● REQUIREMENT
Could you retype the material, starting at its first line and ending with the line holding "It has a huge", and keep the pictures out?

GIVEN DATA section start

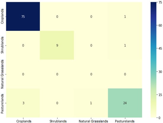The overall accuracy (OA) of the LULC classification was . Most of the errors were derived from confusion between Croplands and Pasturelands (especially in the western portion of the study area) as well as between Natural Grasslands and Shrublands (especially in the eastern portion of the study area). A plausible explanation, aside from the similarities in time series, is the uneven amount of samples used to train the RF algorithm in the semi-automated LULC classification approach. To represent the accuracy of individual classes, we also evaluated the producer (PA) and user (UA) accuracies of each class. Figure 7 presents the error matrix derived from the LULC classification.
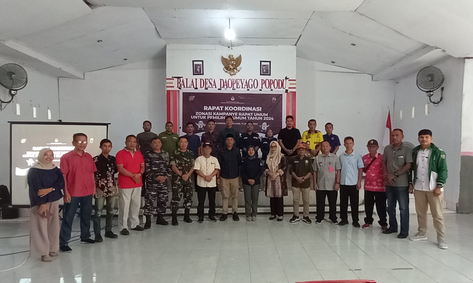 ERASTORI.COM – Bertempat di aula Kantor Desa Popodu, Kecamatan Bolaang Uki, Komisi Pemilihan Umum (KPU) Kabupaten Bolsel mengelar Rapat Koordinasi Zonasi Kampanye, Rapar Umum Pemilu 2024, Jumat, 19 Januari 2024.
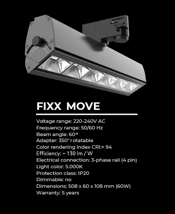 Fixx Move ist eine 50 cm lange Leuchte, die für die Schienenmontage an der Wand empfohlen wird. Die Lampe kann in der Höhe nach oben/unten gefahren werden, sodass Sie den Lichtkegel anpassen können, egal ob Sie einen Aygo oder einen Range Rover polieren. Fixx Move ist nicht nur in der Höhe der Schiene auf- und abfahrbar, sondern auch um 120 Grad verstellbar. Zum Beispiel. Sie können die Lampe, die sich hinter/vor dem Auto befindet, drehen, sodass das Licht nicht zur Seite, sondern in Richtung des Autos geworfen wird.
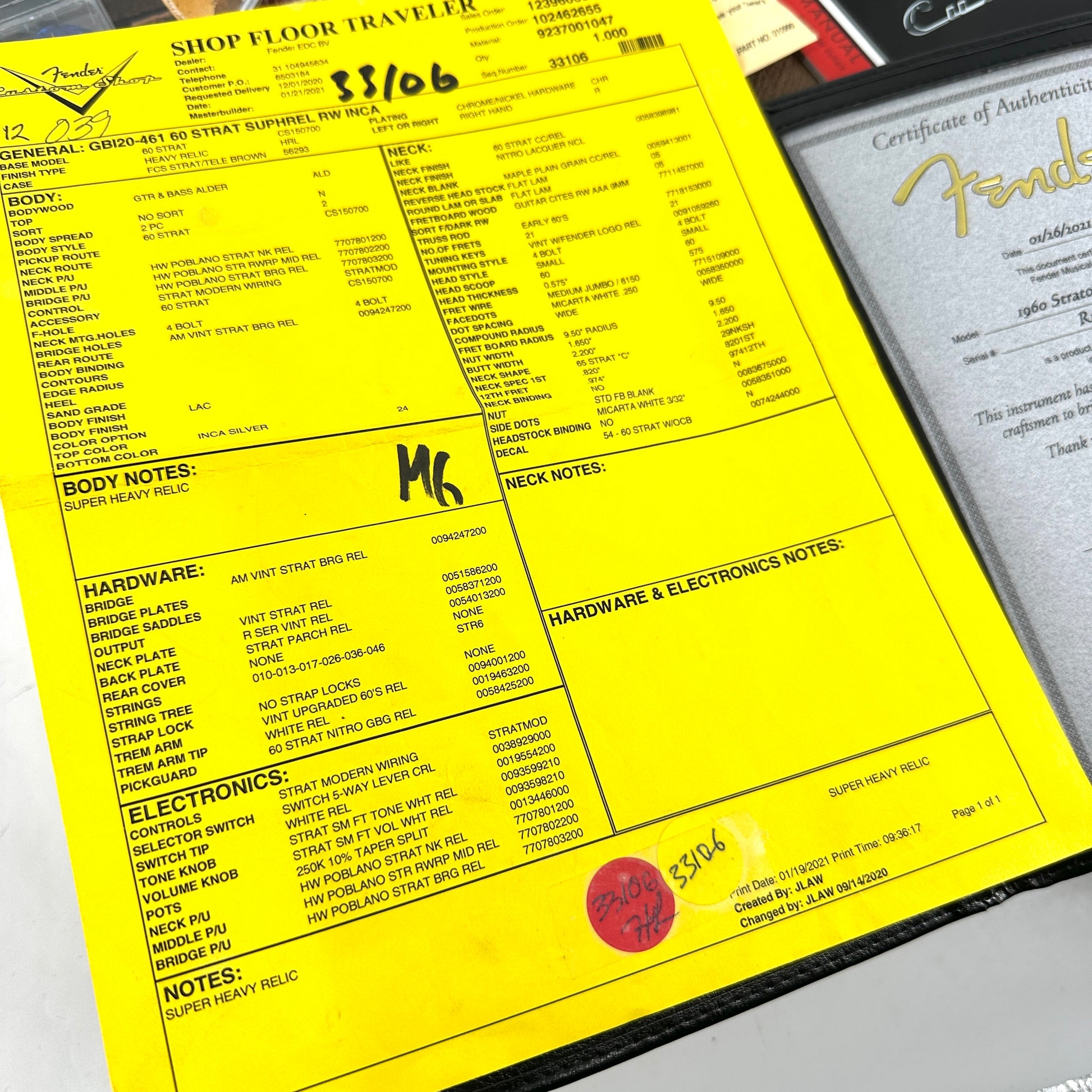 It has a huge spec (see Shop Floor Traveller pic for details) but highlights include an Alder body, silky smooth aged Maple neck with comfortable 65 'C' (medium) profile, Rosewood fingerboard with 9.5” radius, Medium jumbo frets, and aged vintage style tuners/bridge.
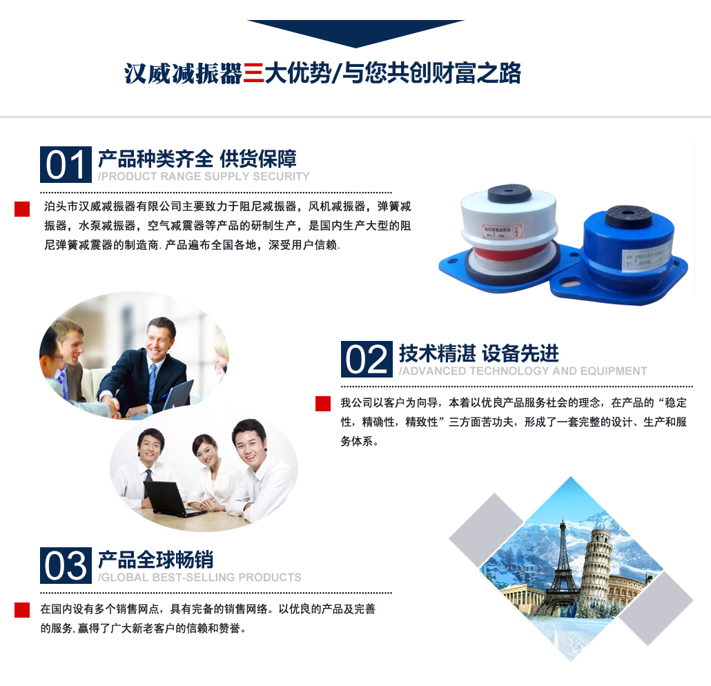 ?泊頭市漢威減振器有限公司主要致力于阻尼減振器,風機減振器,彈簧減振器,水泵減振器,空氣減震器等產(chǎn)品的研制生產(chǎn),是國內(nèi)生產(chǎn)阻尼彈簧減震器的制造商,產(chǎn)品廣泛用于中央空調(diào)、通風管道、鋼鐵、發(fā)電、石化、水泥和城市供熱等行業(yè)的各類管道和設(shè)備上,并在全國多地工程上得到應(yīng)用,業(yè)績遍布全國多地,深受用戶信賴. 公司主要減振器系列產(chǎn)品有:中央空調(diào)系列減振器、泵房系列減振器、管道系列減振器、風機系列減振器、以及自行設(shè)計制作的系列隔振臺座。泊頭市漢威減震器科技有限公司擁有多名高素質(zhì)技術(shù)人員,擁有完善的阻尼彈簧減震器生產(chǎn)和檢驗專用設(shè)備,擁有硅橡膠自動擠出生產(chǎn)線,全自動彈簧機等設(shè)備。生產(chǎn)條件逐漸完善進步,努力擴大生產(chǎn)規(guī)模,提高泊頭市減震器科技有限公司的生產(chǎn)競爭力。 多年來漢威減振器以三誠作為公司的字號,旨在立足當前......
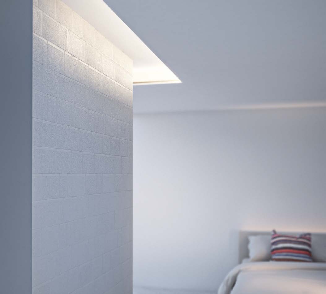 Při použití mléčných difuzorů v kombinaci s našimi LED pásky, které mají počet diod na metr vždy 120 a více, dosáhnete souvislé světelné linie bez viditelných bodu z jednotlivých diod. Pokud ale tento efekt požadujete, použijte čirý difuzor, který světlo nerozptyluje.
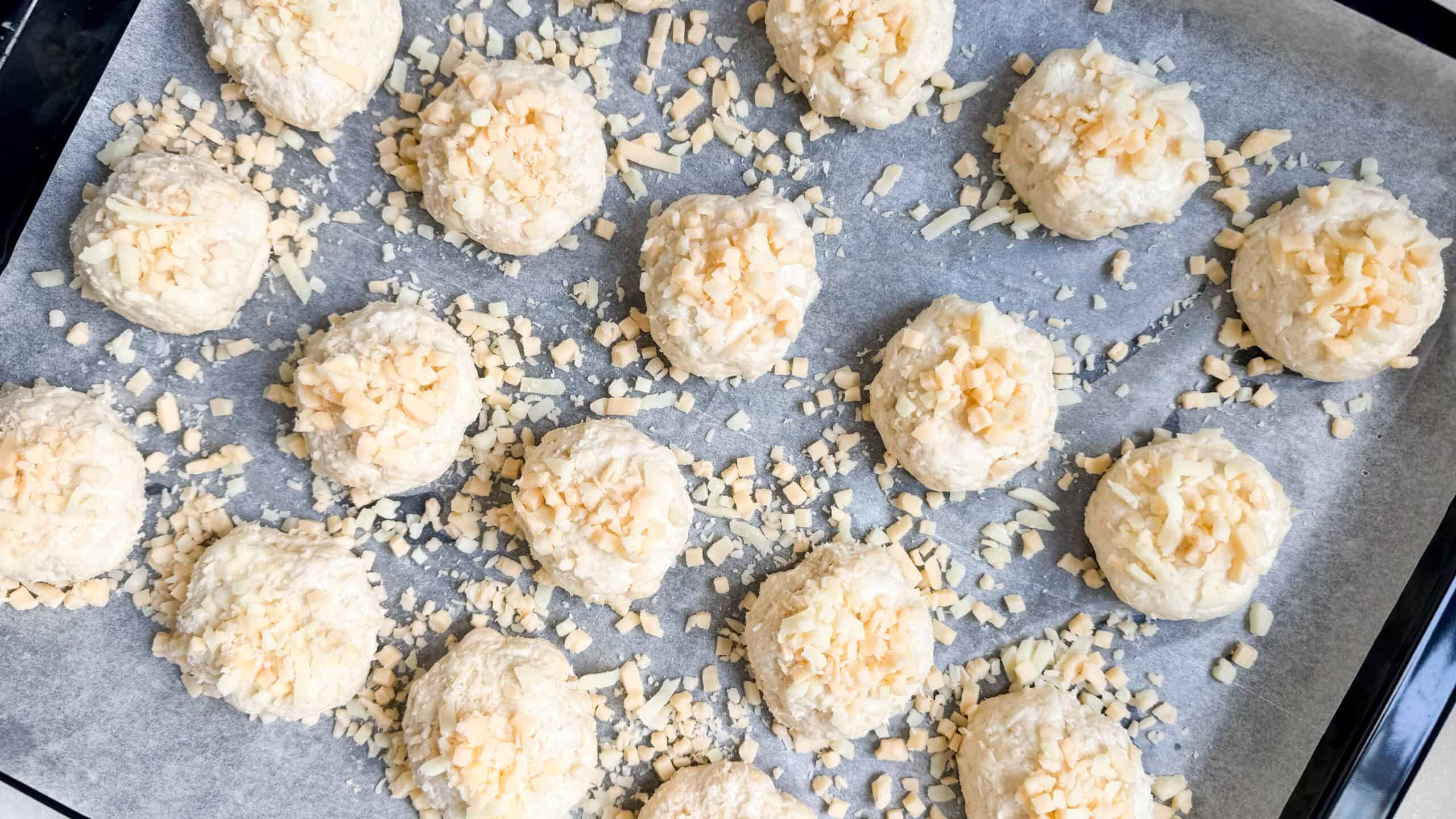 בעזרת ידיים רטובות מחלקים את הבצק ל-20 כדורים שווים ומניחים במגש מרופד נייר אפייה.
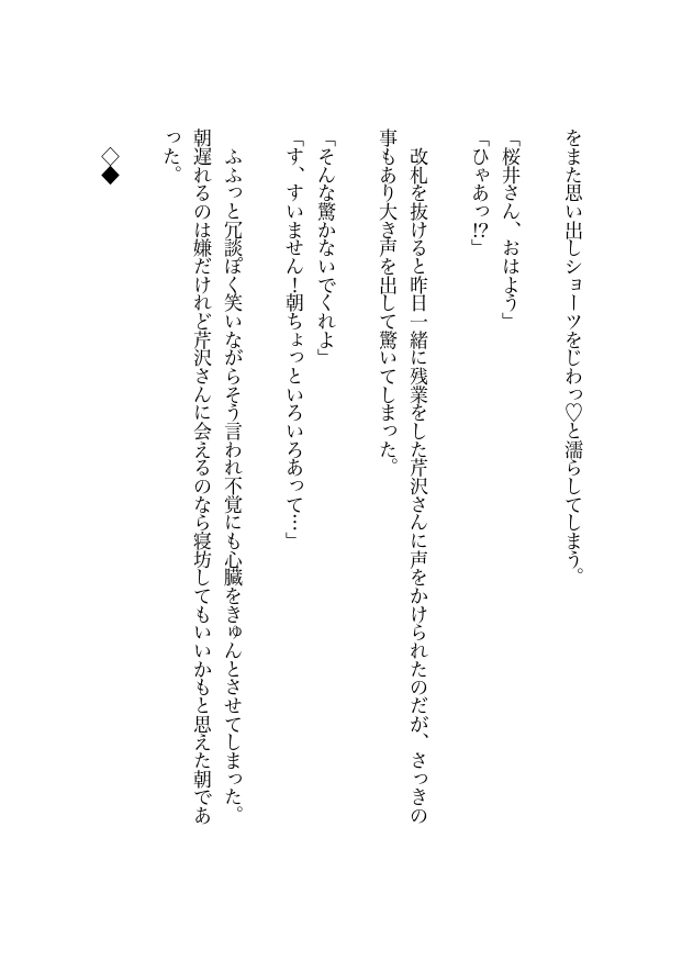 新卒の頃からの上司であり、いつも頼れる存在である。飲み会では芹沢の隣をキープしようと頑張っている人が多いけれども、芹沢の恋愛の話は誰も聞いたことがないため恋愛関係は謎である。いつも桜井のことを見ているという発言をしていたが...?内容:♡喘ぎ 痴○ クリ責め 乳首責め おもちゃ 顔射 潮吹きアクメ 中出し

GIVEN DATA section end

● WORKED SOLUTION
The overall accuracy (OA) of the LULC classification was . Most of the errors were derived from confusion between Croplands and Pasturelands (especially in the western portion of the study area) as well as between Natural Grasslands and Shrublands (especially in the eastern portion of the study area). A plausible explanation, aside from the similarities in time series, is the uneven amount of samples used to train the RF algorithm in the semi-automated LULC classification approach. To represent the accuracy of individual classes, we also evaluated the producer (PA) and user (UA) accuracies of each class. Figure 7 presents the error matrix derived from the LULC classification.
 ERASTORI.COM – Bertempat di aula Kantor Desa Popodu, Kecamatan Bolaang Uki, Komisi Pemilihan Umum (KPU) Kabupaten Bolsel mengelar Rapat Koordinasi Zonasi Kampanye, Rapar Umum Pemilu 2024, Jumat, 19 Januari 2024.
 Fixx Move ist eine 50 cm lange Leuchte, die für die Schienenmontage an der Wand empfohlen wird. Die Lampe kann in der Höhe nach oben/unten gefahren werden, sodass Sie den Lichtkegel anpassen können, egal ob Sie einen Aygo oder einen Range Rover polieren. Fixx Move ist nicht nur in der Höhe der Schiene auf- und abfahrbar, sondern auch um 120 Grad verstellbar. Zum Beispiel. Sie können die Lampe, die sich hinter/vor dem Auto befindet, drehen, sodass das Licht nicht zur Seite, sondern in Richtung des Autos geworfen wird.
 It has a huge spec (see Shop Floor Traveller pic for details) but highlights include an Alder body, silky smooth aged Maple neck with comfortable 65 'C' (medium) profile, Rosewood fingerboard with 9.5” radius, Medium jumbo frets, and aged vintage style tuners/bridge.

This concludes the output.